Public and private high schools:
- Lycée Victor-Duruy
- Établissement La Rochefoucauld
- Institut de l'Alma
- Lycée-collège Paul-Claudel
- Lycée d'Hulst
- Lycée Sainte-Jeanne Elisabeth
- Lycée Saint-Thomas-d'Aquin
- Lycée Thérèse-Chappuis

Istituto Statale Italiano Leonardo Da Vinci, an Italian international school, maintains two campuses in the arrondissement.

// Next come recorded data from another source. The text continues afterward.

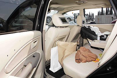 כסא התינוק ברכבו של כהן, בו ישב בנו בן החודשיים (צילום: עידו ארז)
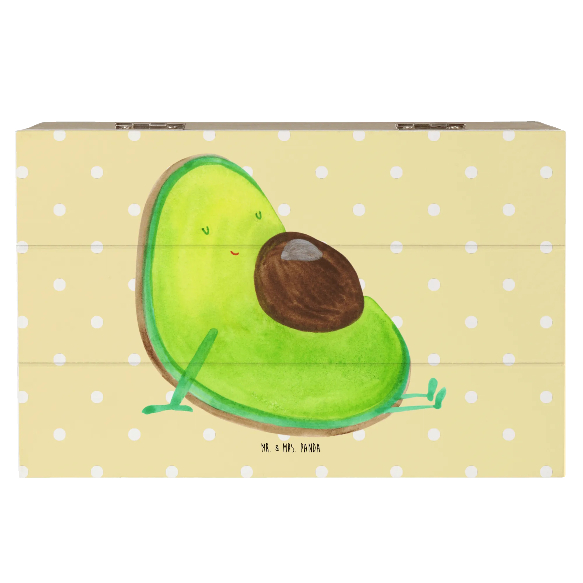 Dank des hübschen gelben Pastell-Hintergrunds passt diese Kiste perfekt in jedes Kinderzimmer oder ins Wohnambiente. Die Avocado Kollektion von Mr. & Mrs. Panda ist eine originelle Möglichkeit, Lebensfreude und Optimismus auszudrücken - und diese Kiste ist ein absolutes Highlight!
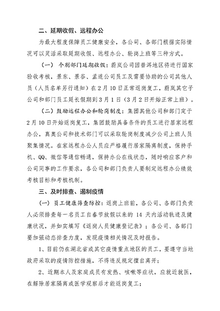 為最大程度保障員工健康安全,各公司、各部門根據(jù)實(shí)際情況可以靈活采取延期收假、遠(yuǎn)程辦公、輪崗上班等三種方式。
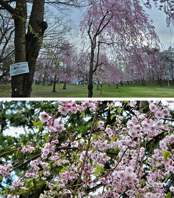 穿過染井吉野櫻,又見八重垂枝櫻環場。
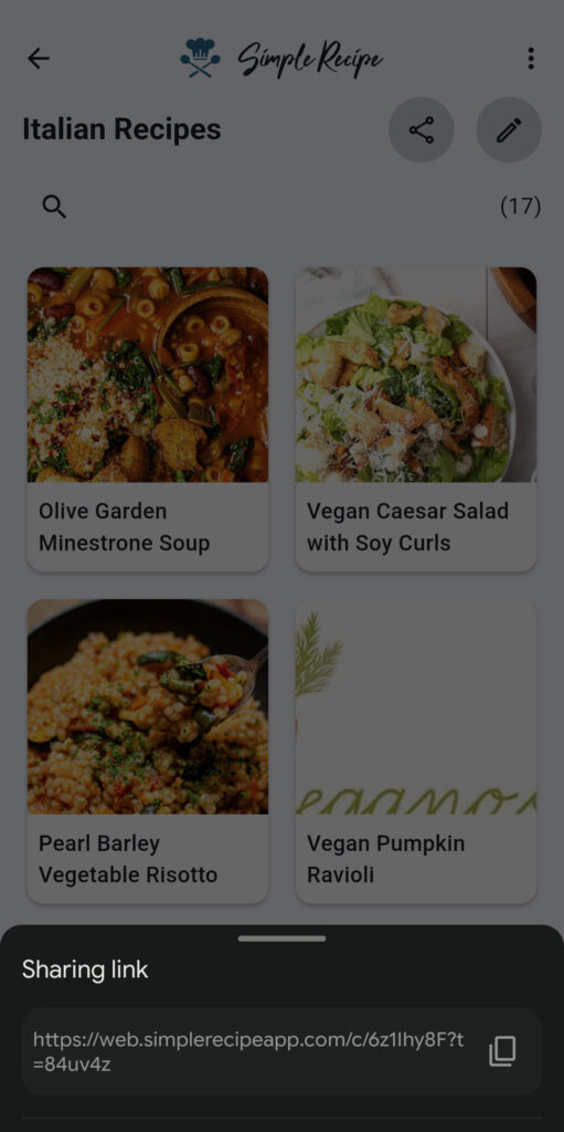 Once you’ve finished creating your cookbook, you can generate a share link to share the cookbook with family members or friends. Recipients will need to have the Simple Recipe app on their device to be able to click the link and import the cookbook into their app.
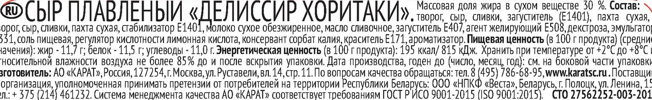 Творог, сыр, сливки, пахта сухая, стабилизатор E1401, молоко сухое обезжиренное, масло сливочное, загуститель E407, агент желирующий Е508, декстроза, эмульгатор E331, соль пищевая, регулятор кислотности лимонная кислота, консервант сорбат калия, краситель Е171, ароматизатор.
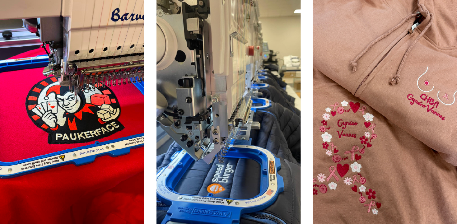 Notre atelier de broderie textile dispose d’une capacité de production de 500 pièces par jour, permettant de répondre rapidement à vos besoins, que ce soit pour des petites ou des moyennes séries, tout en assurant des finitions de qualité.
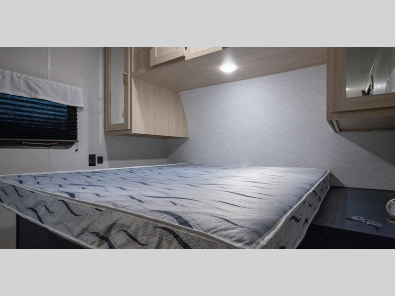 Each model is constructed with a fully enclosed underbelly, a PVC roof membrane, and gold reflective exterior windows that are sure to be eye-catching. The power tongue jack and power stabilizer jacks will have you set up in no-time, and the best-in-class drop frame pass-through storage means you can bring along extra camp gear. Inside, you'll find Congoleum flooring, seamless pressed countertops, a designer bedding package, and many more comforts.
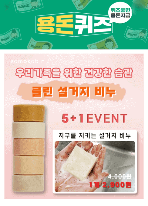 샘스캐빈에서 우리 가족을 위한 건강한 습관을 위해 클린 설거지 비누 5+1, 27% 할인행사 이벤트 행사를 딱 하루만 진행한다고 합니다.
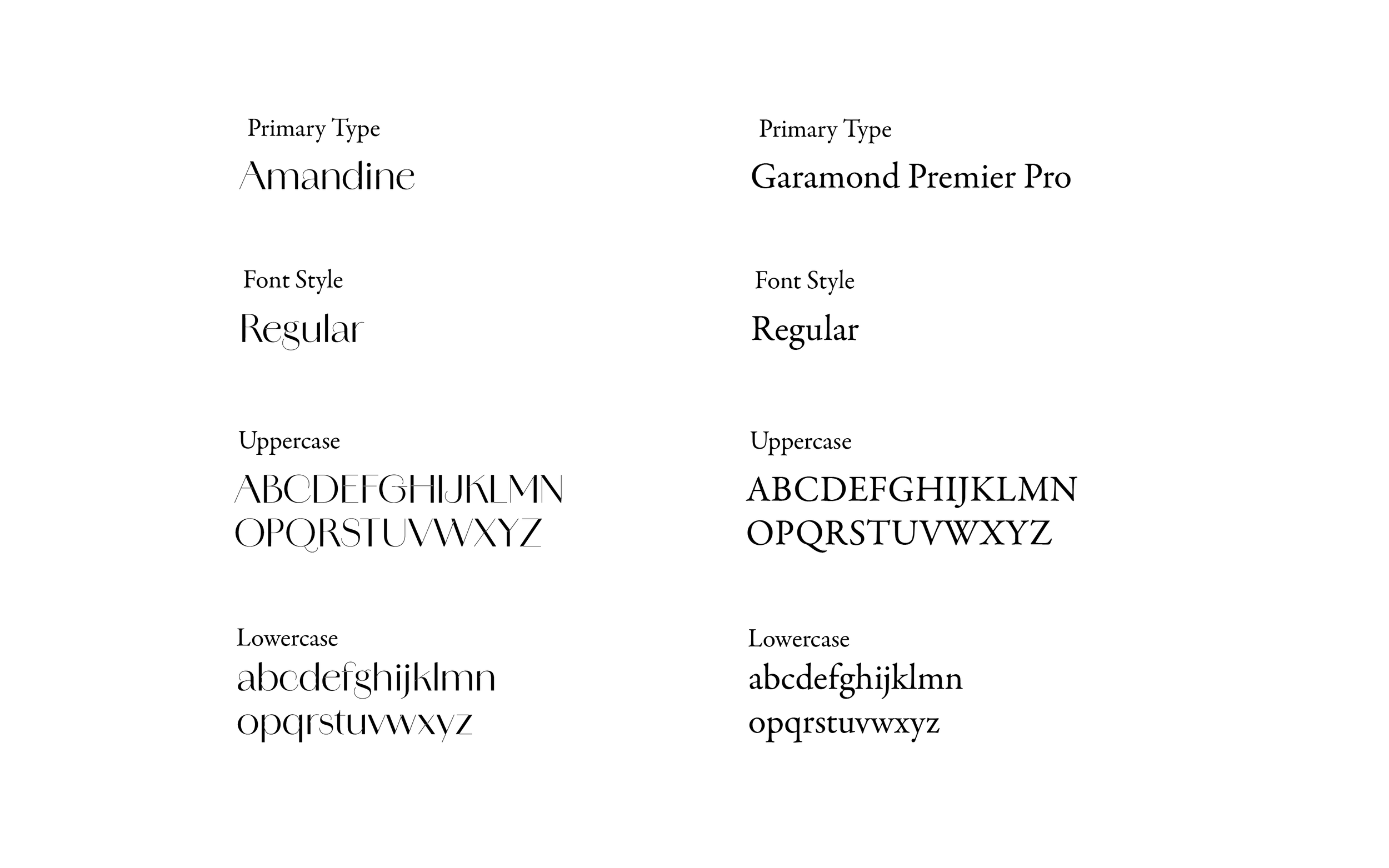 The typgraphy chosen for this rebrand is Amadine for the primary typeface, with Garamond as a complimenting secondary typeface. Both give a luxurious, fancy vibe that is the feeling targeted for this rebrand. Amadine mixes thin and thick strokes, and adds curling details for specific letters that give it a delicate yet striking and impactful look. Meanwhile Garamond is a classic, readable serif font that evokes the luxurious look we are aiming for.

The American University of Paris, a private liberal arts university, maintains several buildings near the Quai d'Orsay.

==Government==
The Ministry of Agriculture, the Ministry of Foreign Affairs and the Ministry of National Education have their head offices in the arrondissement.

Politically, the arrondissement is situated firmly on the right. The mayor of the 7th, Rachida Dati, was Minister of Justice under Nicolas Sarkozy's presidency and a member of the European Parliament for the centre-right UMP from 2009 to 2019.

In the 2017 French presidential election, the 7th gave right-wing candidate François Fillon 52.7% of its votes in the first round, compared to his poor national showing of only 20%. It then went on to vote for Emmanuel Macron in the runoff by a landslide.

| Election |  | Winning candidate | Party | % |
|---|---|---|---|---|
|  | 2017 | Emmanuel Macron | EM | 88.07 |
|  | 2012 | Nicolas Sarkozy | UMP | 71.76 |
|  | 2007 | Nicolas Sarkozy | UMP | 74.75 |
|  | 2002 | Jacques Chirac | RPR | 89.17 |
|  | 1981 | Valéry Giscard d'Estaing | UDF | 71.44 |

==Sport==
The arrondissement hosted the equestrian events for the 1900 Summer Olympics.